→ Collected data:
-- -- --
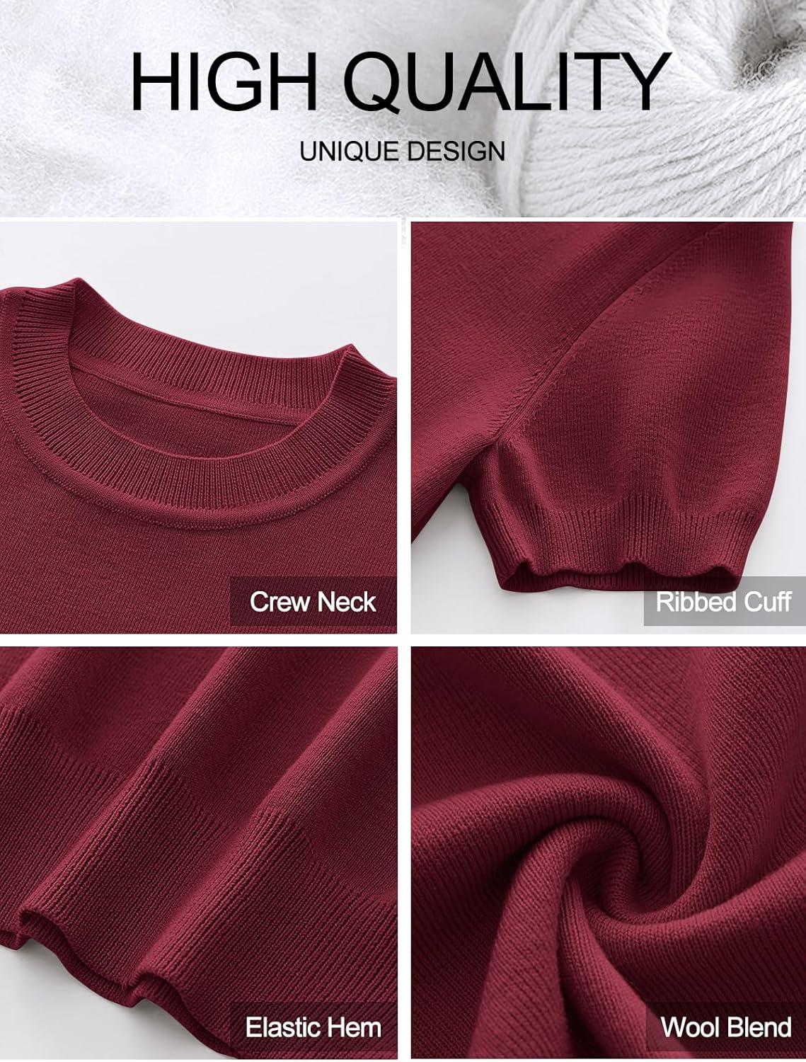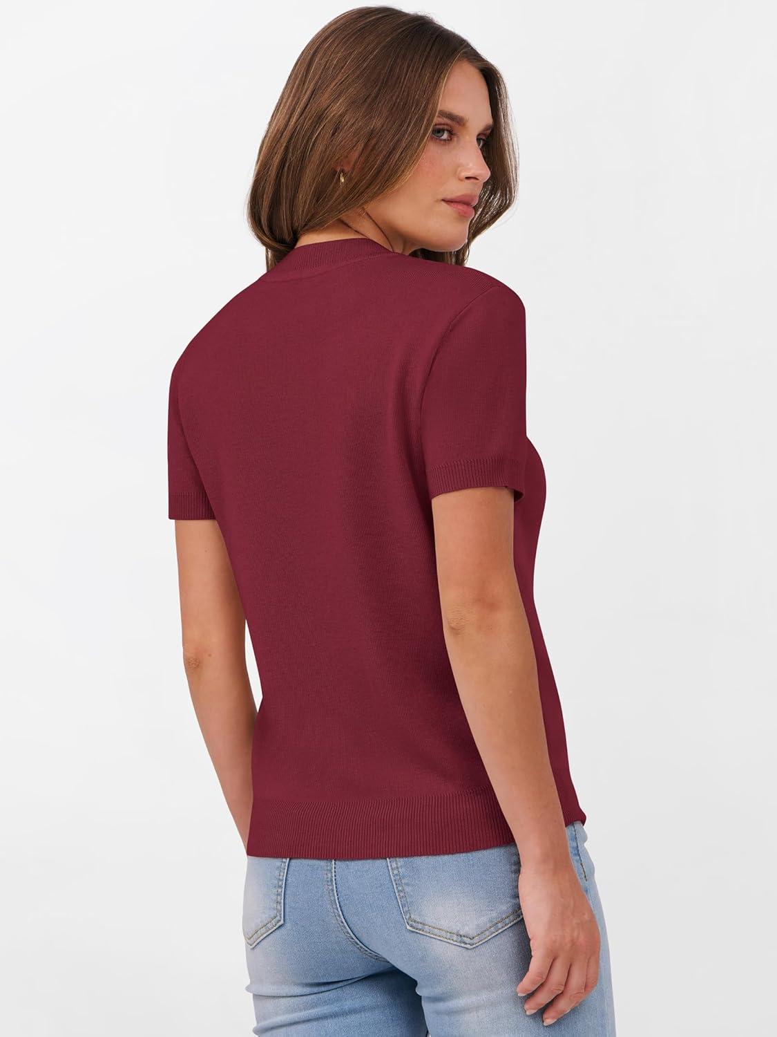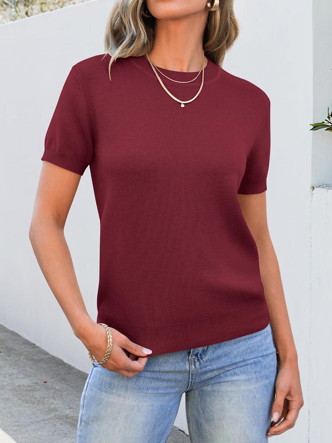 ANRABESS Womens Short Sleeve Sweaters Wool Blend Crew Neck Sweater Shirts Business Casual Work Tops 2025 Summer Outfits(Wine Red)
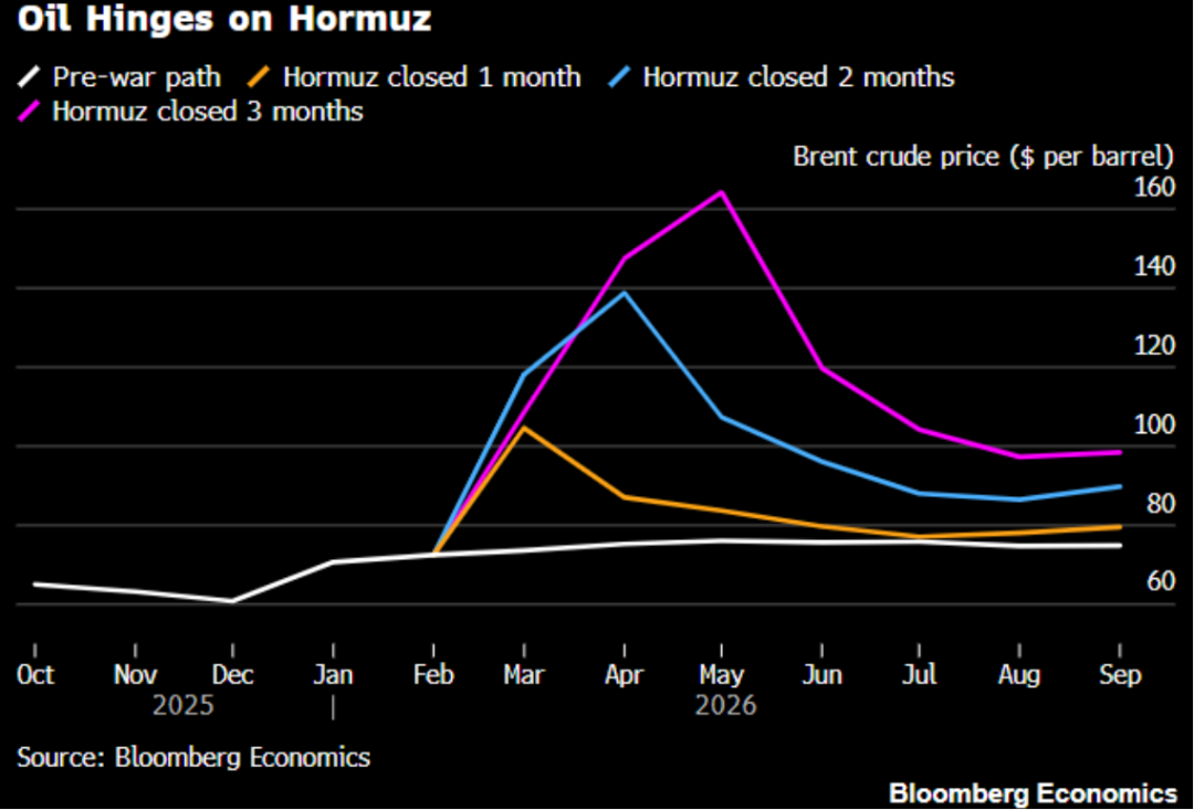 4、彭博社经济团队估算:若霍尔木兹海峡关闭3个月,布伦特原油价格将飙升至每桶164美元。
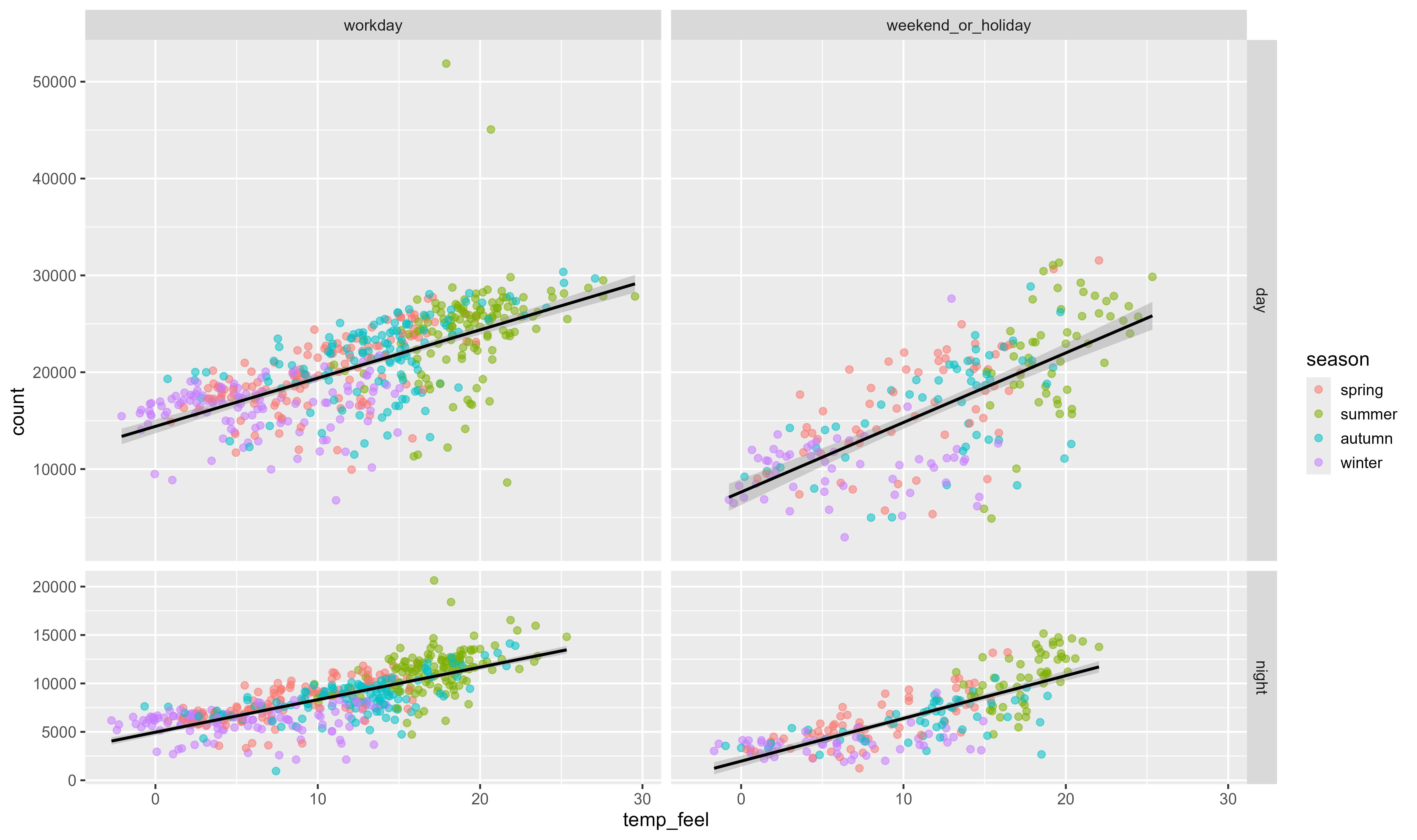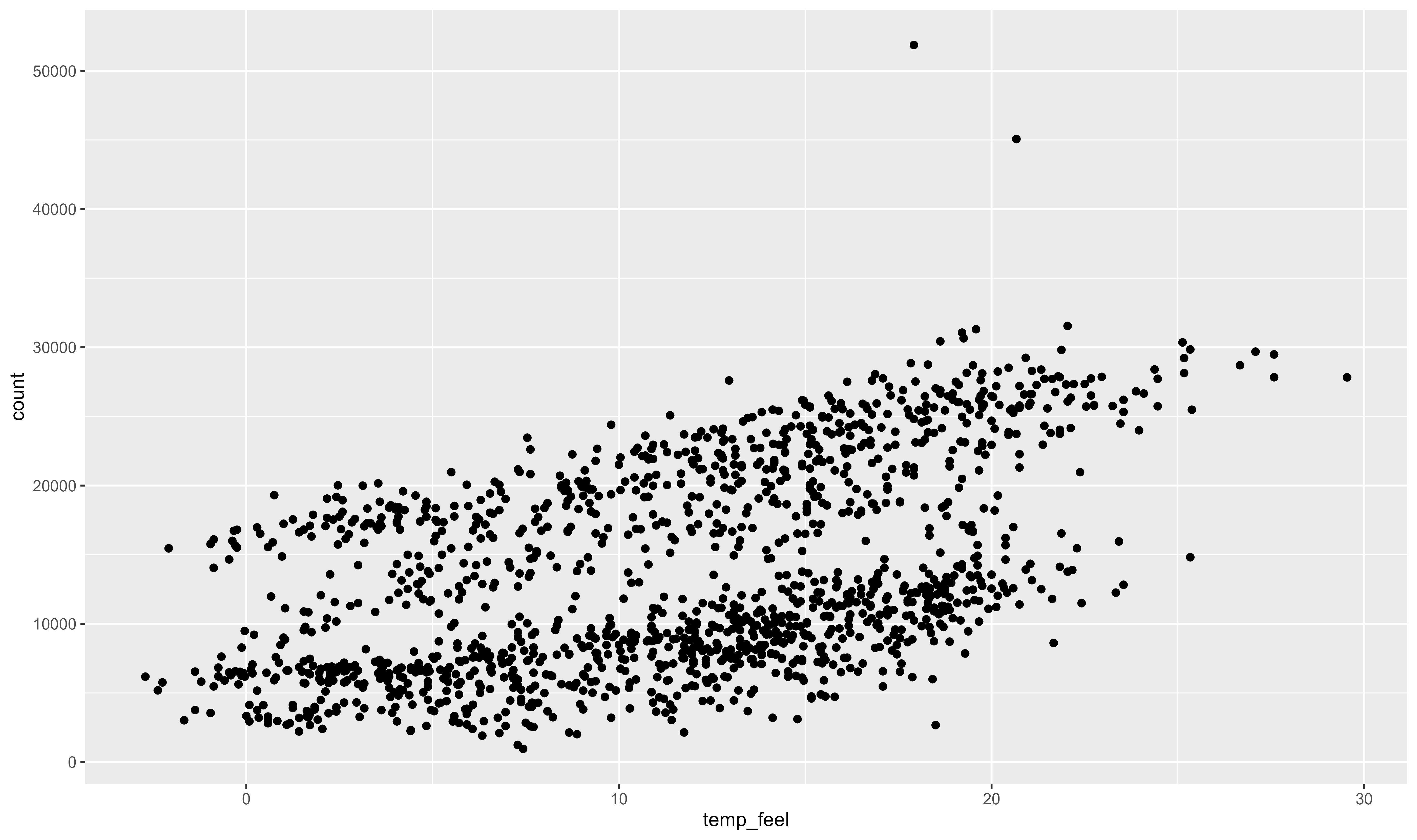 ggplot(bikes, aes(temp_feel, count)) +
-- -- --
→ Work task: In this exercise, set down all of the data exactly, without the pictures.

→ Response box:
 ANRABESS Womens Short Sleeve Sweaters Wool Blend Crew Neck Sweater Shirts Business Casual Work Tops 2025 Summer Outfits(Wine Red)
 4、彭博社经济团队估算:若霍尔木兹海峡关闭3个月,布伦特原油价格将飙升至每桶164美元。
 ggplot(bikes, aes(temp_feel, count)) +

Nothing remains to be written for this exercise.